## [DATA EXCERPTS]
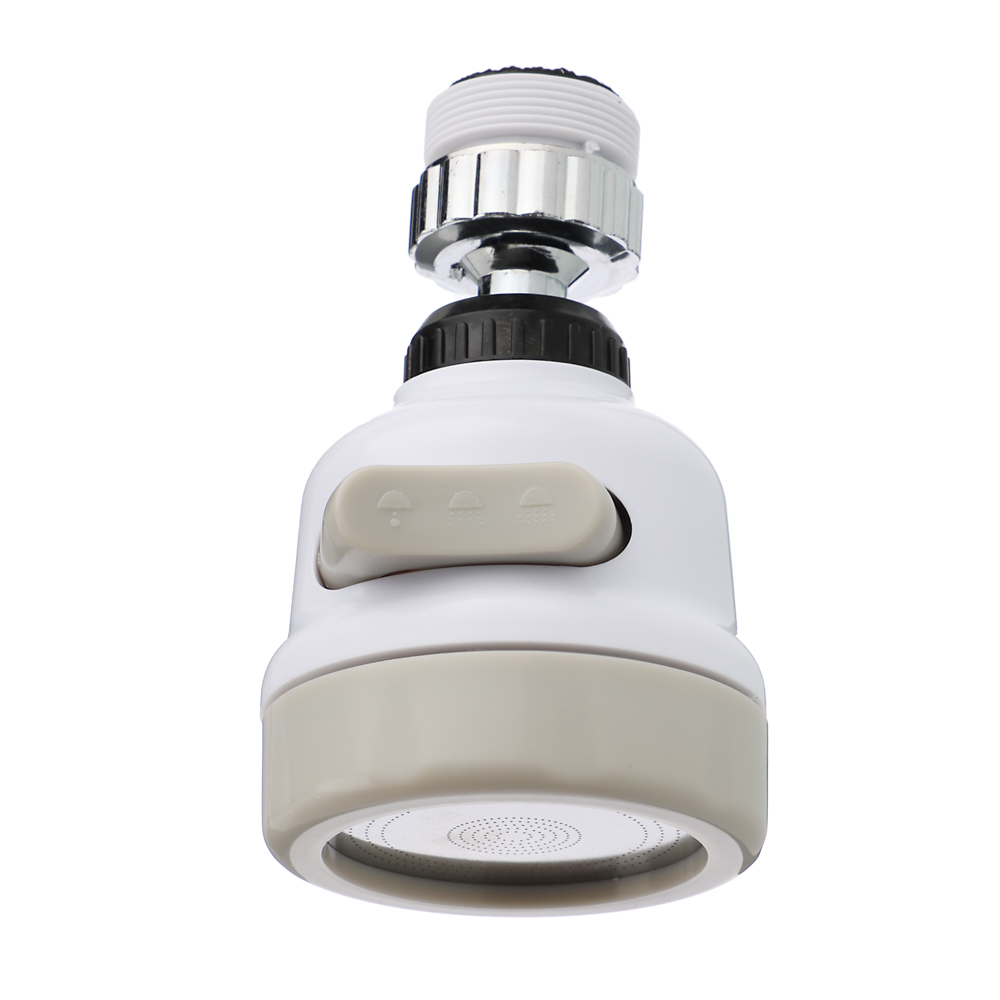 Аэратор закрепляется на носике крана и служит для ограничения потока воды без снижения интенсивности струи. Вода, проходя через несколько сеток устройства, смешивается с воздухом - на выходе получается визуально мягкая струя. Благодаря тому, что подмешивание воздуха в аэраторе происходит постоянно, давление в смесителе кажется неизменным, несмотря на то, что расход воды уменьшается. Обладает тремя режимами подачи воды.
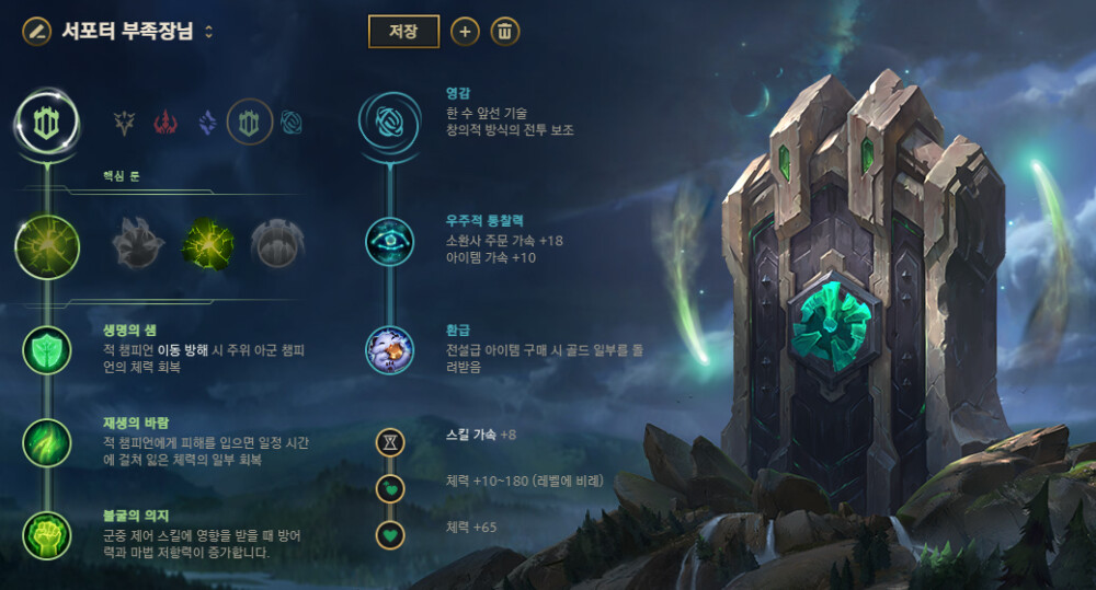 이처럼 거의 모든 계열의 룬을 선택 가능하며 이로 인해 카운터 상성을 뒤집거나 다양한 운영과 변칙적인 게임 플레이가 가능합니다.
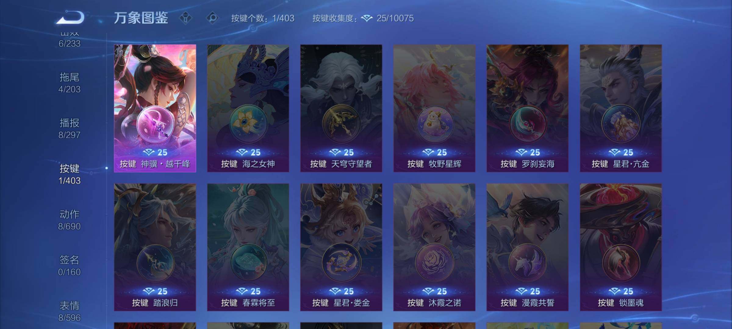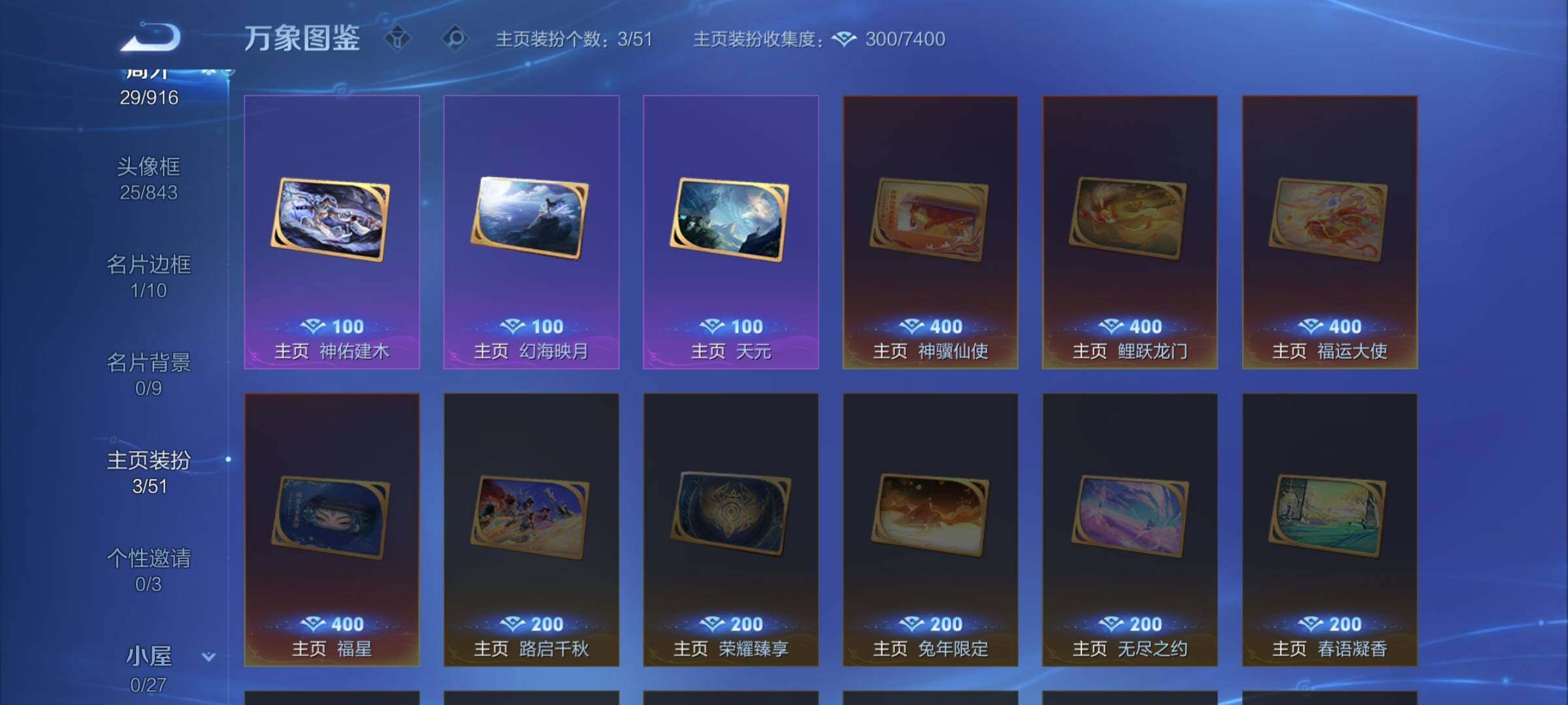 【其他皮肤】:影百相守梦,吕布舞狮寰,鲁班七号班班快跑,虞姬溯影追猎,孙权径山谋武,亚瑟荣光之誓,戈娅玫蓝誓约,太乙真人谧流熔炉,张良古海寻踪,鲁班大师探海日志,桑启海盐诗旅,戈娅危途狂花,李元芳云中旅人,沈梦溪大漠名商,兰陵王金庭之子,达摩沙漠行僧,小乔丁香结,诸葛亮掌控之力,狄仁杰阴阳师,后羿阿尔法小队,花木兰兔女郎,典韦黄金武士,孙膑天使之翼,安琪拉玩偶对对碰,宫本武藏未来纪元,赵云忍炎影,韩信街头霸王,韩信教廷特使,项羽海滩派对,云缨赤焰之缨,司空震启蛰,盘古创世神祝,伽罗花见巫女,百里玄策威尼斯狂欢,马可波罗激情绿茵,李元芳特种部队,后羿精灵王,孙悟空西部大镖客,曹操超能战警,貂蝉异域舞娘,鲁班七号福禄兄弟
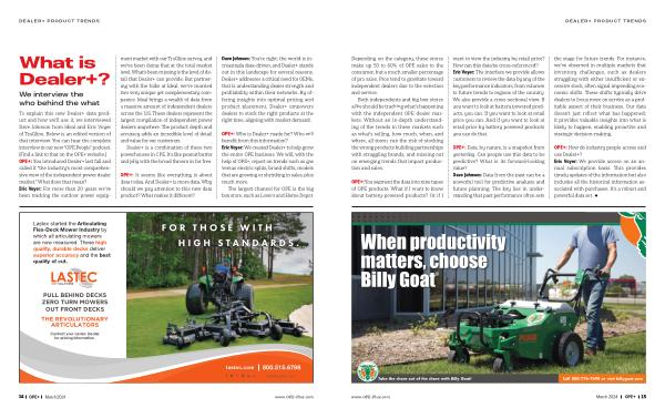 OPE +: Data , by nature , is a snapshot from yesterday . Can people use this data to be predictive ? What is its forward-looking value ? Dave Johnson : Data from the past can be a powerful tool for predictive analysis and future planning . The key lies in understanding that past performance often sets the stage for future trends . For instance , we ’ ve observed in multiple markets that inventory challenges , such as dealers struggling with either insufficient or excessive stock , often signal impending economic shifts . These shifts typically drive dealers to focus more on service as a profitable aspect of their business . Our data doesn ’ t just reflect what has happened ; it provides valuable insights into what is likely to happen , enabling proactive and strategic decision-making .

==

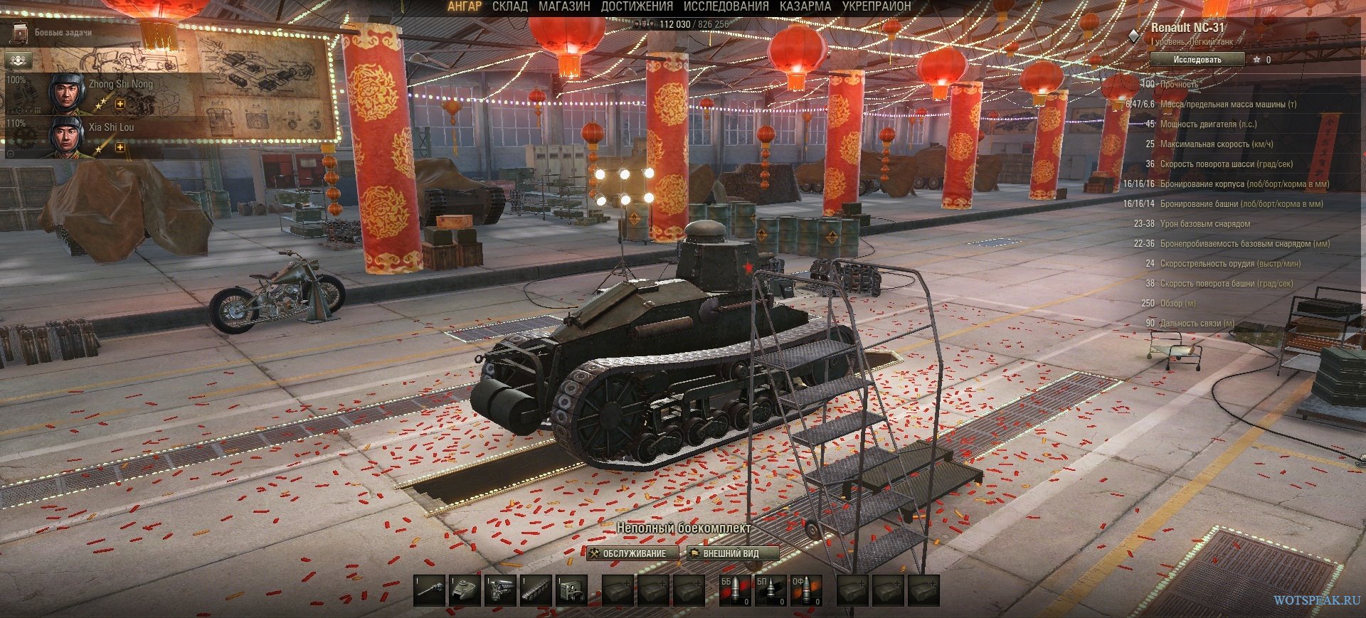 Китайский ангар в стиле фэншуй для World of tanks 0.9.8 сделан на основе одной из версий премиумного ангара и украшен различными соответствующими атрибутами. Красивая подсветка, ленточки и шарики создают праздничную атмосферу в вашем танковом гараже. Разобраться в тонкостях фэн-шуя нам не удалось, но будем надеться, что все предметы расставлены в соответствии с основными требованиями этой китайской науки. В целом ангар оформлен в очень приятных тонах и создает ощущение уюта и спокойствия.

## [ACTION ITEM]
Above are some records. Output exactly the lines from the one that contains "이처럼 거의 모든 계열의" to the one that contains "OPE +: Data", keeping both, and omit the pictures.

## [TASK RESULT]
 이처럼 거의 모든 계열의 룬을 선택 가능하며 이로 인해 카운터 상성을 뒤집거나 다양한 운영과 변칙적인 게임 플레이가 가능합니다.
 【其他皮肤】:影百相守梦,吕布舞狮寰,鲁班七号班班快跑,虞姬溯影追猎,孙权径山谋武,亚瑟荣光之誓,戈娅玫蓝誓约,太乙真人谧流熔炉,张良古海寻踪,鲁班大师探海日志,桑启海盐诗旅,戈娅危途狂花,李元芳云中旅人,沈梦溪大漠名商,兰陵王金庭之子,达摩沙漠行僧,小乔丁香结,诸葛亮掌控之力,狄仁杰阴阳师,后羿阿尔法小队,花木兰兔女郎,典韦黄金武士,孙膑天使之翼,安琪拉玩偶对对碰,宫本武藏未来纪元,赵云忍炎影,韩信街头霸王,韩信教廷特使,项羽海滩派对,云缨赤焰之缨,司空震启蛰,盘古创世神祝,伽罗花见巫女,百里玄策威尼斯狂欢,马可波罗激情绿茵,李元芳特种部队,后羿精灵王,孙悟空西部大镖客,曹操超能战警,貂蝉异域舞娘,鲁班七号福禄兄弟
 OPE +: Data , by nature , is a snapshot from yesterday . Can people use this data to be predictive ? What is its forward-looking value ? Dave Johnson : Data from the past can be a powerful tool for predictive analysis and future planning . The key lies in understanding that past performance often sets the stage for future trends . For instance , we ’ ve observed in multiple markets that inventory challenges , such as dealers struggling with either insufficient or excessive stock , often signal impending economic shifts . These shifts typically drive dealers to focus more on service as a profitable aspect of their business . Our data doesn ’ t just reflect what has happened ; it provides valuable insights into what is likely to happen , enabling proactive and strategic decision-making .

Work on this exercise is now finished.